Pela segunda vez deixado de lado, Surya transforma sua mão de comprimento em punho fortemente cerrado.
— Pode parar bem aí, seu monte de carne — ordenou ele, o sorriso amigável se corrompendo em um raivoso — Sem valor? Eu conquistei mais em trinta anos do que você vai conquistar ao longo de toda a sua vida. Tem gente que entregaria os filhos por uma única assinatura minha. Se eu mandar o prefeito lamber a sola do meu pé, ele vai fazer com gosto.
A cada palavra, seus dentes brancos atritam-se e a veia na testa ficava mais evidente. Nesse momento, a ofegante Laura chegou no local pela calçada, se escondendo atrás de um dos carros estacionados ao notar os homens.
— Eu sou um guerreiro com centenas de vitórias no bolso! Um sem nome como você não é nada! Ouviu? Nada! — proclamou espantando os pássaros próximos.
Nisso, Rafael lentamente olhou por cima do ombro, cerrando os punhos. Sua expressão não muda, mas havia irritação em seus olhos, alimentada pelo tremular da escuridão que neles habitava.
— Hahaha, agora você tem algo para fazer aqui. — Surya riu com um sorriso satisfeito.
O coração de Laura não sabia se parava ou acelerava. No que Surya assumiu uma postura de boxe “philly shell”, Rafael se virou para ele e põe um antebraço à frente como um escudo e o outro junto ao corpo como uma lança, pisando meio de lado. Laura não reconhecia aquela postura, mas já sabia seu significado.
— Surya, não lute! Ele vai te matar! — berrou Laura ao bater as mãos no carro.
Ele virou os olhos assustado para a mulher, que o encarava como se fosse um doente terminal, mas não desfez. Apesar do imprevisto, ele abriu seu usual confiante sorriso.
— Não precisa se desesperar, minha princesa— falou galantemente. — Isso não vai demorar um minu-.
— Sua frente! Cuidado!
Antes que Surya reagisse, Rafael desferiu um chute frontal de direita em seu abdômen, o forçando cinco metros para trás ao arrastar os pés no chão.
Firmando-se novamente ele encarou o oponente sem perder o sorriso.
— Pouco espírito esportivo, né? — falou ele num tom bem-humorado, engolindo o sangue que acumulou na boca num movimento da língua. “Esse poder… eu teria beijado o chão se estivesse de barriga mole. Além disso, como ele chegou tão perto sem fazer barulho algum? Ele é mais habilidoso que o esperado”.
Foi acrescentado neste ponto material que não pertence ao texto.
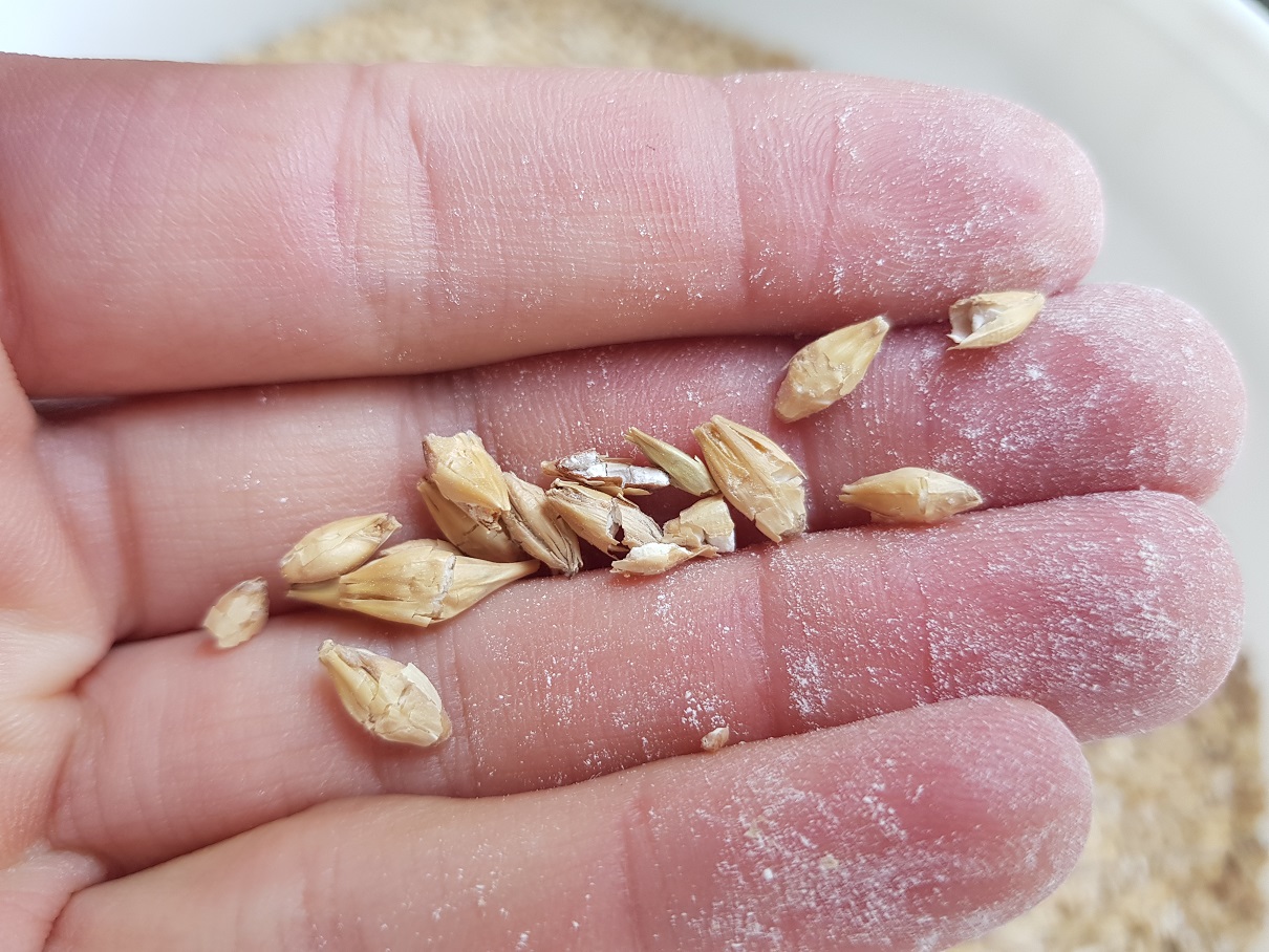 Die Körner, welche ganz erscheinen, sind angequetscht und bröseln auseinander, sobald man sie zwischen zwei Finger nimmt. Beim Braumeister lieber etwas gröber schroten, zu fein bringt verschiedenste Probleme mit sich.

Rafael, parado no lugar, ergue o antebraço direito até um pouco acima da altura dos ombros, chamando Sutil para cima com a cabeça. Vendo-o aberto, Surya sorriu malandramente.
“Não fique se achando só por que me acertou uma vez. Um golpe assim vai só te deixar exposto, e aí… A vitória é minha!”
Surya chutou o chão, avançado contra Rafael. No que estava para chegar nele, ele lançou um jab. No mesmo instante, porém, ele é forçado para trás por um chute frontal de esquerda, que Rafael seguiu com um chute baixo com a direita. Vendo o golpe, Surya desviou recuando um passo e seguiu devolvendo um uppercut ao voltar para cima. Rafael, porém, ancorou o tornozelo do inimigo com o pé ao puxar a perna de volta, forçando-o a abrir os braços a fim de não cair. Um simples cruzado de direita entrou contra aquela postura quebrada.
No que Surya se deu conta do ocorrido, ele já estava caindo de lado, ao encontro com um uppercut de esquerda, que terminou de detonar sua mandíbula ao mandá-lo ao ar, os pedaços de seus dentes brilhando como estrelas à luz dos postes. Com o adversário inconsciente, Rafael andou na diagonal e desferiu um standing dropkick que o alojou na carroceria do carro atrás do qual Laura se escondia.
Aterrissando suavemente com as mãos, Rafael se ergueu do chão e, sem pressa, checou a tela do celular com o alarme do carro e os prantos desesperados de Laura no fundo. Ele então resmungou ao ver o horário, fechou o aparelho e foi embora dali como se nada tivesse ocorrido, guardando-o no bolso.
Apesar da vitória, um gosto ruim persistiu em sua boca. O que estava acontecendo nas sombras, estava além do alcance de seus ouvidos.